### YOUR INSTRUCTIONS
Only the lines below between the ones containing "BRINCO BANHADO EM" and "Still-Life of Flowers, Shells, and", inclusive, are to be reproduced, each exactly as it stands.

### WORKING DATA
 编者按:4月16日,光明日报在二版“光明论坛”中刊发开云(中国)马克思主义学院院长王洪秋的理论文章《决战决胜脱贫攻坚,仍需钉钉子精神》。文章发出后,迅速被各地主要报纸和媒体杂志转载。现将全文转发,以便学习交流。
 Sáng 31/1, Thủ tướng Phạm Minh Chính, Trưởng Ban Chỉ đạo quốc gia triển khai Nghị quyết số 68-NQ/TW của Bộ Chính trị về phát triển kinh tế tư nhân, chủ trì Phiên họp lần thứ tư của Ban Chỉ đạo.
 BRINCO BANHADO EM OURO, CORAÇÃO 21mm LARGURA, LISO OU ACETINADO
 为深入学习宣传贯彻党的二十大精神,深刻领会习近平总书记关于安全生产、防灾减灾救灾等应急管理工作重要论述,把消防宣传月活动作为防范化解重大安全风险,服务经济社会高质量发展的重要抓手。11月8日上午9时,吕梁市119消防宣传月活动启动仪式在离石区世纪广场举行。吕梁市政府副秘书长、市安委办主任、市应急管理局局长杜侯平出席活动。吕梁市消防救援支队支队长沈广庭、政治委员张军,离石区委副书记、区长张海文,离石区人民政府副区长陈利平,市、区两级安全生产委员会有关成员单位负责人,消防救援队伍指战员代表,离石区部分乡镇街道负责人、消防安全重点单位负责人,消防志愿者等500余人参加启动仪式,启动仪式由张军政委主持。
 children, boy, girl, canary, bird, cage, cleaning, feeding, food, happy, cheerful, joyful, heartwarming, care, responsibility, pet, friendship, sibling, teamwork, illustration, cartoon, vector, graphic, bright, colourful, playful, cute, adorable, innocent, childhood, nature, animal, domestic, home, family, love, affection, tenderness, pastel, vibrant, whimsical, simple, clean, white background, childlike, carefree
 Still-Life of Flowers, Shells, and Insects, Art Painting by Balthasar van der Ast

* * *

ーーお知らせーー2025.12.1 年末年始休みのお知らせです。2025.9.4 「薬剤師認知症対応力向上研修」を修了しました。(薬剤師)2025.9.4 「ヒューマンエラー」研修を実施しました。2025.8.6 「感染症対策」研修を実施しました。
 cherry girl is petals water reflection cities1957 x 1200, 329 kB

### RESULT
 BRINCO BANHADO EM OURO, CORAÇÃO 21mm LARGURA, LISO OU ACETINADO
 为深入学习宣传贯彻党的二十大精神,深刻领会习近平总书记关于安全生产、防灾减灾救灾等应急管理工作重要论述,把消防宣传月活动作为防范化解重大安全风险,服务经济社会高质量发展的重要抓手。11月8日上午9时,吕梁市119消防宣传月活动启动仪式在离石区世纪广场举行。吕梁市政府副秘书长、市安委办主任、市应急管理局局长杜侯平出席活动。吕梁市消防救援支队支队长沈广庭、政治委员张军,离石区委副书记、区长张海文,离石区人民政府副区长陈利平,市、区两级安全生产委员会有关成员单位负责人,消防救援队伍指战员代表,离石区部分乡镇街道负责人、消防安全重点单位负责人,消防志愿者等500余人参加启动仪式,启动仪式由张军政委主持。
 children, boy, girl, canary, bird, cage, cleaning, feeding, food, happy, cheerful, joyful, heartwarming, care, responsibility, pet, friendship, sibling, teamwork, illustration, cartoon, vector, graphic, bright, colourful, playful, cute, adorable, innocent, childhood, nature, animal, domestic, home, family, love, affection, tenderness, pastel, vibrant, whimsical, simple, clean, white background, childlike, carefree
 Still-Life of Flowers, Shells, and Insects, Art Painting by Balthasar van der Ast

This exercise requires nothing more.